Ist kostenloser öffentlicher Personentransport in Deutschland realistisch?
Sehr geehrter Herr Zorn,
in Estland gibt es seit 2013 (zumindest in Tallin) kostenlosen ÖPNV welcher von der Einkommenssteuer bezahlt wird, ist so etwas in Deutschland ihrer Meinung nach realistisch oder erstrebenswert? Wenn ja, haben oder unterstützen sie bestimmte Pläne für die Umsetzung des kostenlosen ÖPNVs?
Falls sie finden, dass dieser Gedanke nicht realistisch ist, was denken sie ist erforderlich, um diesen Plan realistisch zu machen?
Hessen hat zwar schon gute Fortschritte (Jobticket, 365-Euro Ticket, Seniorenticket etc.) gemacht, aber besonders in Frankfurt ist Personen Nahverkehr unglaublich teuer, meine Kernfrage ist also: was hält uns davon ab diesen kostenlos für Bürger*innen zu machen?

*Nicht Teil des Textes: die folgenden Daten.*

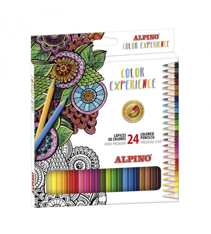 Estuche de 24 lápices ALPINO Color Experience con pintado de gran calidad. Su mina premium proporciona un pintado suave con posibilidad de degradar o enfatizar el color según la presión de aplicación. Los 24 colores son vivos y brillantes para un óptimo acabado. Son ideales para cualquier manualidad o hobby como pintar mandalas, lettering, colorear, hacer bocetos, etc.
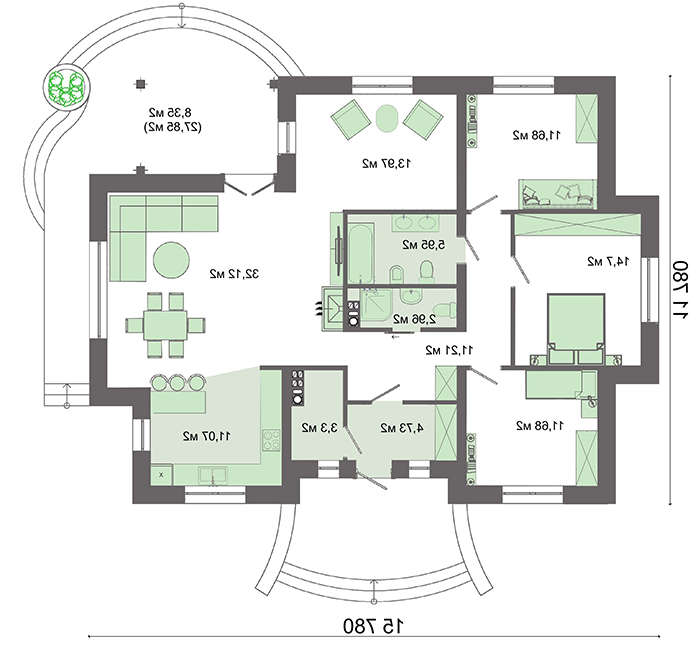 1 этажный дом с оригинальной многоскатной крышей 4M3309
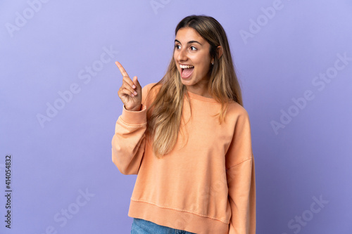 © luismolinero, Fototapeta premium Young hispanic woman over isolated purple background intending to realizes the solution while lifting a finger up
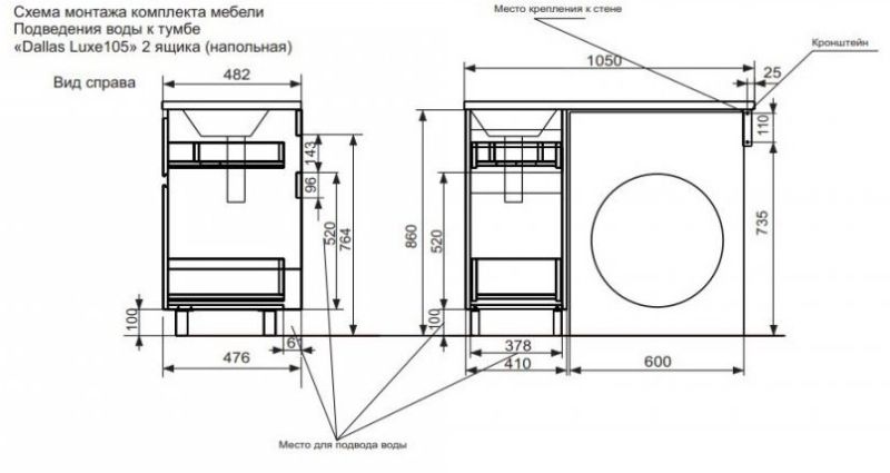 Напольная тумба с раковиной Эстет Dallas Luxe ФР-00009664 П 105см два ящика белый
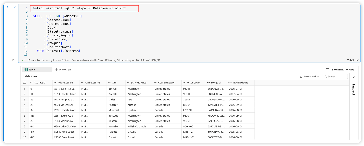 2. Use line magic: After initializing the session, you can use %tsql in following cells. The line magic will use the connection established in step 1 without requiring you to specify -artifact and -type again. For example:
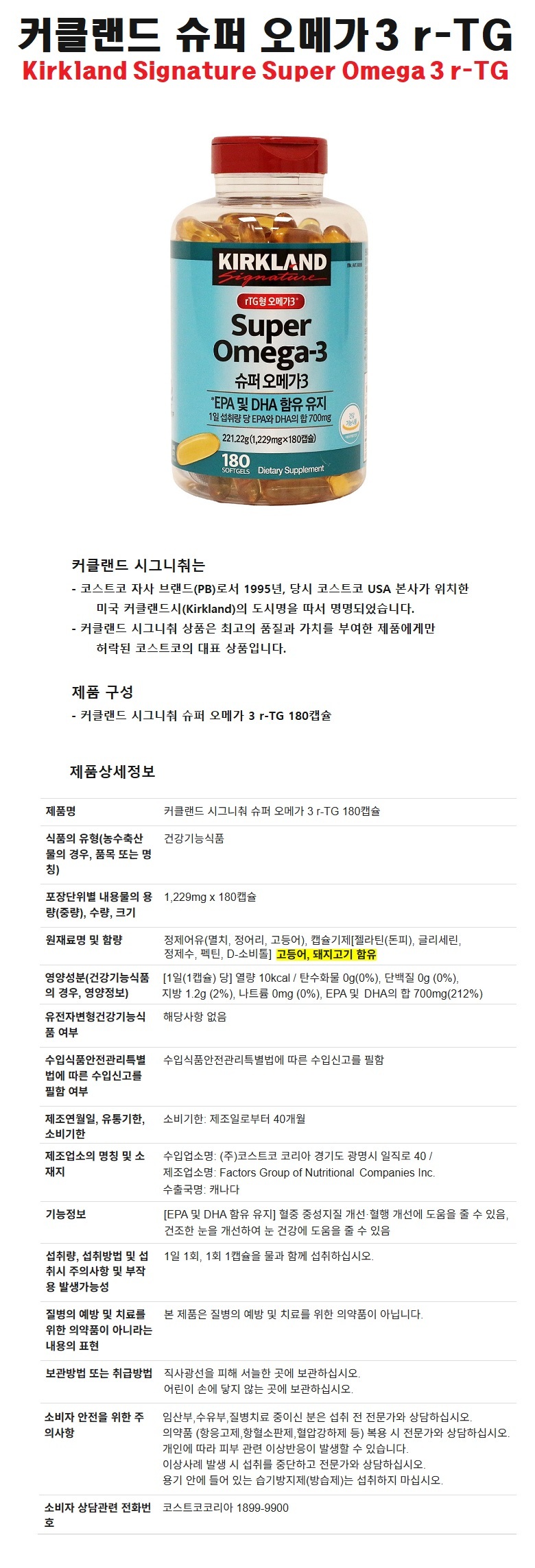 커클랜드 시그니춰 슈퍼 오메가 3 r-TG 180캡슐

Danke für ihre Zeit und herzliche Grüße.
Selina F.
Sehr geehrte Frau F.,
gute Frage! Ja, einen kostenlosen ÖPNV finde ich als Ziel sehr erstrebenswert und sinnvoll. Wir schaffen die notwendige Verkehrswende nur, wenn wir von fossilen Brennstoffen wegkommen, aber zur Entlastung unserer Straßen und Städte reicht es nicht, nur beim privaten PKW von Benzin auf Strom zu wechseln, sondern wir brauchen neue Konzepte von Mobilität, in denen ein guter und möglichst günstiger ÖPNV eine sehr wichtige Rolle spielt. Daher ist es auch richtig und wichtig, Anreize zu setzen, wann immer möglich den ÖPNV statt eines eigenen PKWs zu nutzen. Kurzfristig ist ein komplett kostenloser ÖPNV allerdings kaum finanzierbar. Alleine das 9€-Ticket, das wir angesichts der massiv ansteigenden Energiepreise im Sommer für die gesamte Bundesrepublik umgesetzt haben, hat für nur 3 Monate ca. 2,5 Milliarden Euro gekostet. Den ÖPNV langfristig günstig oder optimalerweise sogar kostenlos zu machen, wird allerdings der Bund nicht alleine stemmen können, sondern Länder und Kommunen, in deren Zuständigkeitsbereich der ÖPNV ja fällt, werden sich ebenfalls daran beteiligen müssen. Aber obwohl der ÖPNV eigentlich gar nicht die Aufgabe der Bundesebene ist, haben wir jetzt mit dem Entlastungspaket III der Regierungskoalition beschlossen, erneut Mittel aus dem Bundeshaushalt bereit zu stellen, so dass ein Nachfolgeticket möglich ist, das zwischen 49 und 69 € pro Monat kostet. Denn aus unserer Sicht war das 9€-Ticket nicht nur ein großer Erfolg, sondern ein deutlich ermäßigtes Monatsticket hilft auch die Bürgerinnen und Bürger zu entlasten und einen Anreiz zu einer nachhaltigen Mobilität zu schaffen. Damit ein solches Ticket noch billiger werden kann, werden aber Länder und Kommunen ebenfalls ihren Teil dazu beitragen müssen.